Consent |
Chaperone Usage and Perception by Infertility Experts
Hooman Sadri-Ardekani, MD, PhD - Principal Investigator
You are invited to participate in a research study. The purpose of this research is to characterize chaperone usage and preference amongst andrology specialists during sensitive examinations. You are invited to be in this study because you're experience and perspective as an andrology and infertility specialist is valuable to expanding our knowledge of the usage of chaperones in clinical settings.
Your participation in this study will involve completing a single survey.
All research studies involve some risks.

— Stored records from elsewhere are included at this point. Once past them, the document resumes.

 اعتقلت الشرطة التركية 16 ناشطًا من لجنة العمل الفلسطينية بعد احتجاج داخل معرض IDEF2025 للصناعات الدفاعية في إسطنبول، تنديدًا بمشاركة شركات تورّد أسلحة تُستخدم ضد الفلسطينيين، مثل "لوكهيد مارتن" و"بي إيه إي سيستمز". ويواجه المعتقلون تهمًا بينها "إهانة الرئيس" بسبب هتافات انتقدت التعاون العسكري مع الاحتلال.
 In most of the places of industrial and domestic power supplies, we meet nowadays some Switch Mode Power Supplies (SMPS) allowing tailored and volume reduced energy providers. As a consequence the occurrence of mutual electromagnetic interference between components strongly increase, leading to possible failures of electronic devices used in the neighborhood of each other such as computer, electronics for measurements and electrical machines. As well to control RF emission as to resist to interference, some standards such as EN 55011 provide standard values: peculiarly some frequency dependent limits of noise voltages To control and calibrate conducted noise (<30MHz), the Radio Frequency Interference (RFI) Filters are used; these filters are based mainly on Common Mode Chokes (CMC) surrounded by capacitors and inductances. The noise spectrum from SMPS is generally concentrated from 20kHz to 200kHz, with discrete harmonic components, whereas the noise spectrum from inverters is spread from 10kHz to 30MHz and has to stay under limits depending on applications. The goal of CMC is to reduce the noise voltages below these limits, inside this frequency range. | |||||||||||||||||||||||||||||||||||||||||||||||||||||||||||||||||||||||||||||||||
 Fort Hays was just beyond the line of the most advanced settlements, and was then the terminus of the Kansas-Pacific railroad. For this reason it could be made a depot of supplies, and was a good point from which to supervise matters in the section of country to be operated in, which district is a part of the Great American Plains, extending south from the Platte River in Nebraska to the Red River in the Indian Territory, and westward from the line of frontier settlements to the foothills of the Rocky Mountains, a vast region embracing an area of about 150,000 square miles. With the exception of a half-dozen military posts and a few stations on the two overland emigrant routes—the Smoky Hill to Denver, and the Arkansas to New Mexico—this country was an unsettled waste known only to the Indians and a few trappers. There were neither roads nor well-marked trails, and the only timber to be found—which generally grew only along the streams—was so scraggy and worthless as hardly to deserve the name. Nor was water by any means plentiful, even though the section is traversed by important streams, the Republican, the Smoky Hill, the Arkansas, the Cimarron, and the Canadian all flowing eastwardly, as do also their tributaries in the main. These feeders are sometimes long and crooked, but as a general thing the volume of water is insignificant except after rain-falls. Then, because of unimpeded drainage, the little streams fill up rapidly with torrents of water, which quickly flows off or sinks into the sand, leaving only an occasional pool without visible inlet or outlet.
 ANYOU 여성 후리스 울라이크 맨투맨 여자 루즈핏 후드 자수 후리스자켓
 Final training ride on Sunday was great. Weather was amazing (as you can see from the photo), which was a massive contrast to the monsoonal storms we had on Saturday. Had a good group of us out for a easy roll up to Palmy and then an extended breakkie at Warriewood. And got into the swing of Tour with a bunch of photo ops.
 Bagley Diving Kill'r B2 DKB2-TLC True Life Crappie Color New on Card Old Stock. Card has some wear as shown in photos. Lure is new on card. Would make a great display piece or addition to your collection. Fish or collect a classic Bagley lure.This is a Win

The risk of harm or discomfort that may happen as a result of taking part in this research study is not expected to be more than in daily life or from routine physical or psychological examinations or tests. Efforts, keeping research records secure and allowing only authorized people to have access to research records, will be made to keep your information safe. Your participation in this study is entirely voluntary.
If you have any questions, suggestions or concerns about your rights as a volunteer in this research, contact the Institutional Review Board at 336-716-4542.
Approximately 243 people will take part in this study.
You are not expected to receive any direct benefit from taking part in this research study. There is no cost to you, and you will not be paid for participating in study.
We hope the information learned from this study will benefit other people in the future. The results of this research study may be presented at scientific or medical meetings or published in scientific journals. Your identity and/or your personal health information will not be disclosed unless it is authorized by you, required by law, or necessary to protect the safety of yourself or others. There is always some risk that even de-identified information might be re-identified.
Participant information may be provided to Federal and other regulatory agencies as required. The Food and Drug Administration (FDA), for example, may inspect research records and learn your identity if this study falls within its jurisdiction. In this research study, no information we collect from you will pertain to your personal health or behaviors (considered Protected Health Information).
You may choose not to take part or you may leave the study at any time.
By continuing, I agree to take part in this study. I authorize the use and disclosure of survey answers in this information form. I have had a chance to ask questions about being in this study and have those questions answered. By taking part in the study, I am not releasing or agreeing to release the investigator, the sponsor, the institution or its agents from liability for negligence.